Inter Milan Raup Poin Penuh di Laga Pembuka Serie A

Pemain Inter Milan merayakan kemenangan atas Genoa di laga pembuka Serie A 2021-2022.(Foto: Twitter/Inter)
Pemain Inter Milan merayakan kemenangan atas Genoa di laga pembuka Serie A 2021-2022.(Foto: Twitter/Inter)

DepokToday—Inter Milan meraup poin penuh pada laga pembuka Serie A Italia 2021-2022 melawan Genoa di Giuseppe Meazza, Sabtu 21 Agustus 2021.

Inter, juara bertahan kompetisi, menaklukkan Genoa dengan skor 4-0 berkat gol yang dicatatkan oleh Milan Skriniar menit ke 6, Hakan Calhanoglu menit 14, Arturo Vidal menit 74, dan Edin Dzeko menit 84.

Hasil ini mengantarkan Inter untuk beberapa jam ke depan berada di puncak klasemen sementara Serie A dengan torehan tiga poin.

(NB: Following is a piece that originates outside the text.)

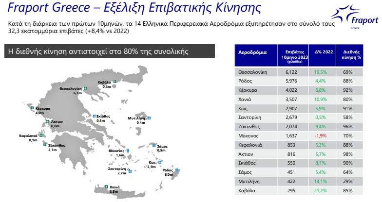 Fraport: Στα 32,4 εκατ. οι επιβάτες των 14 Περιφερειακών Αεροδρομίων στο 10μηνο

Arturo Vidal melepaskan tembakan yang menghasilkan gol di gawang Genoa.(Foto: Twitter/Inter)
Arturo Vidal melepaskan tembakan yang menghasilkan gol di gawang Genoa.(Foto: Twitter/Inter)

Pelatih Inter Milan, Simone Inzaghi, memuji kinerja timnya dalam kemenangan 4-0. Inzaghi menggantikan Antonio Conte sebagai pelatih Inter setelah lima tahun memimpin Lazio, di mana ia memenangkan Coppa Italia dan dua Piala Super Italia.

“Menyenangkan menyaksikan tim ini bermain, kami harus melanjutkan sikap ini,” kata Inzaghi kepada DAZN.

BACA JUGA: Atalanta Bermain Imbang, Inter Milan Raih Gelar Scudetto ke-19

“Saya cukup yakin tim akan melakukannya dengan baik, karena saya telah melihat mereka bekerja dengan antusias sejak Juli, bersemangat untuk mempelajari hal-hal baru. Kami tidak bisa meminta awal yang lebih baik, terutama di depan para penggemar kami di stadion,” katanya lagi.

Hakan Calhanoglu (kanan).(Foto: Twitter/Inter)
Hakan Calhanoglu (kanan).(Foto: Twitter/Inter)

Debutan Hakan Calhanoglu adalah bintang pertunjukan untuk Inter. Dia mencatatkan satu assist dan satu gol setelah didatangkan dari rival sekota AC Milan di musim panas.

Inzaghi pun merasa senang telah mendapat pelayanan mengesankan dari pemain yang berposisi sebagai gelandang di pertandingan ini.

“Calhanoglu adalah pemain hebat, mampu menyatukan kualitas dan kuantitas, sambil berlari sangat keras untuk tim juga,” tambah Inzaghi.

“Setiap kali saya bermain melawannya, dia membuat saya bermasalah. Kami cukup beruntung untuk menjemputnya dan saya pikir dia bisa menjadi lebih kuat, karena dia tidak menyadari betapa bagusnya dia,” sambungnya.